- The cover art for the released CD-ROM version of the game
- Developer: Pronto Games
- Publishers: ValuSoft, THQ
- Series: Nicktoons
- Engine: OGRE
- Platform: Microsoft Windows Online Game
- Release: NA: February 15, 2006;
- Genre: Racing

= Nicktoons Winners Cup Racing =

2006 video game

Nicktoons Winners Cup Racing is an racing game developed by American studio Pronto Games, Inc. and published by ValuSoft, with THQ. It was released on February 15, 2006, in the United States, exclusively for the Microsoft Windows operating system. It is the second racing game released in the Nicktoons series, succeeding Nicktoons Racing and preceding Nicktoons Nitro, and features characters from SpongeBob SquarePants, The Adventures of Jimmy Neutron, Boy Genius, Danny Phantom, and The Fairly OddParents.

==Gameplay==
The game has the player race around different race courses as four Nicktoons characters: SpongeBob SquarePants, Jimmy Neutron, Danny Phantom, and Timmy Turner. Each racer has their own unique vehicle to drive, reflective of their character, as well as unique ability, which can be used against other racers. The game includes four race tracks, one from each of the represented series: Amity Park, Bikini Bottom, Dimmsdale, and Retroville.

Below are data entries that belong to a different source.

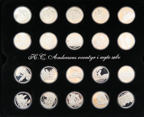 Komplet sæt H.C. Andersen eventyrmedaljer af sterling sølv (80)
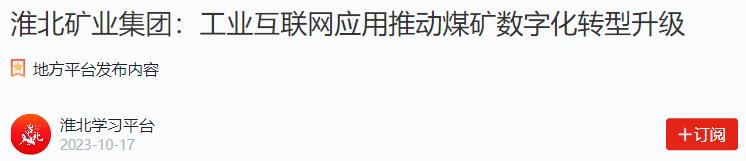 “平台整合了淮北矿业集团内外部资源,统筹规划网络、平台、数据、安全与融合应用各领域建设内容,实现了企业各层级要素全面互联,助推了煤矿数字化转型升级。”安徽淮北矿业集团机电装备部信息与装备技术研究室主管张明泉说。
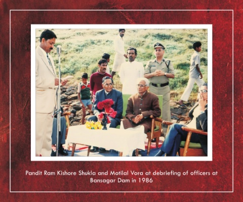 Pandit Ram Kishore Shukla and Motilal Vora at debriefing of officers at Bansagar Dam in 1986
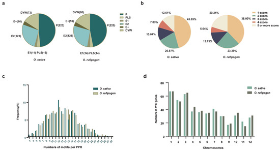 The analysis of species-specific PPR genes showed that O. sativa possessed approximately 70 PPR genes, while O. rufipogon had 89 (Figure 4b). Statistical analysis was performed on the exons of shared and unique PPR genes in the two species. We observed that the largest proportion among the 390 shared genes was the 180 genes with only one exon. Among the 70 unique PPR genes in O. sativa, the highest proportion of 30 genes contained one exon. Interestingly, out of 89 unique PPR genes, 34 had 5 exons with the highest proportion in O. rufipogon, surpassing the number of 25 genes with only 1 exon (Figure S1b).
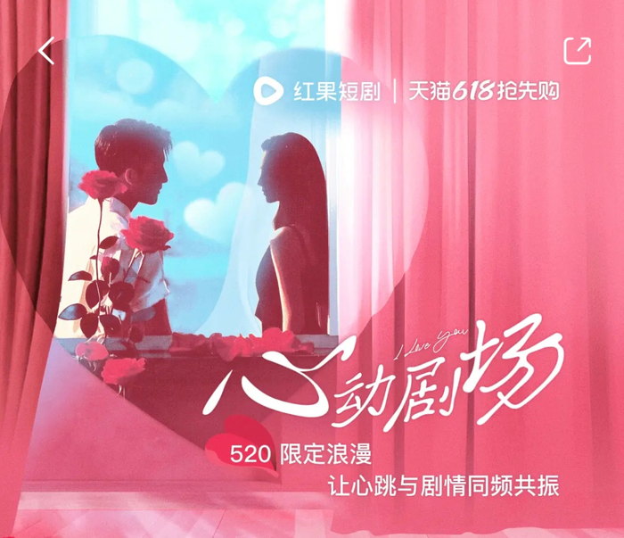 以红果短剧为例,继春节档、五一档之后,其又抓住了520这一节点在站内推出了聚焦情感题材的“心动剧场”,并与天猫618抢先购联合呈现。
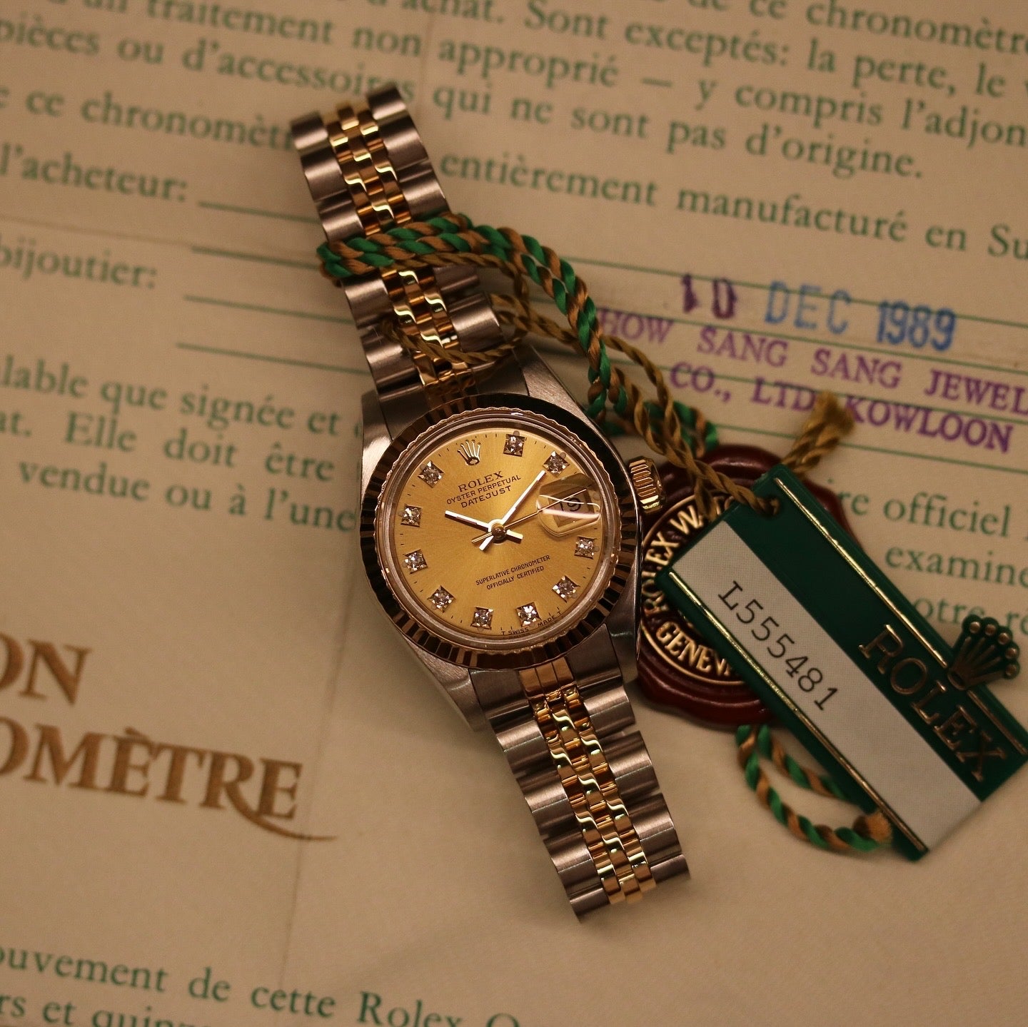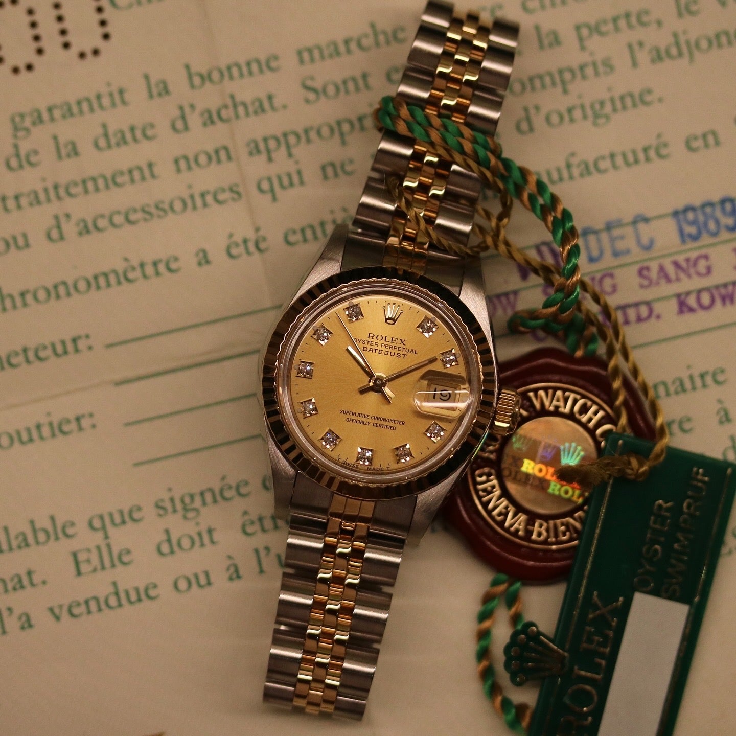 Tillbehör: original certifikat från (Hong Kong 1989) samt låda, booklets, tags.
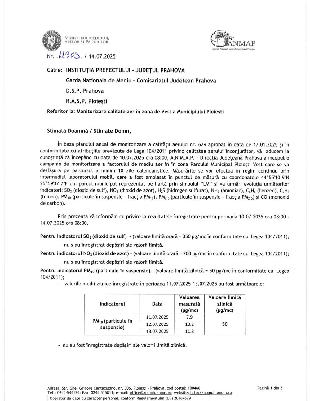 „Agenția pentru Protecția Mediului Prahova ne-a trimis rezultatele primelor 4 zile de monitorizare a calității aerului realizată de laboratorul mobil al APM în Parcul Municipal Ploiești Vest. Cică «nu s-au înregistrat depășiri ale limitelor legale».

Winners Cup Racing features three modes for players to choose from, each with their own unique gameplay styles: Winner's Cup, the game's story mode; Quick Race, a versus mode; and Free Diving, a sandbox mode to drive around the tracks. There are also various unlockable mini games.

By completing the Winner's Cup with each character, players can play as four additional characters: Plankton, Professor Calamitous, Vlad Plasmius, and Mr. Crocker.

== Reception ==
The game currently holds a 6.6 rating on GameSpot and a 5.1 on Gamepressure.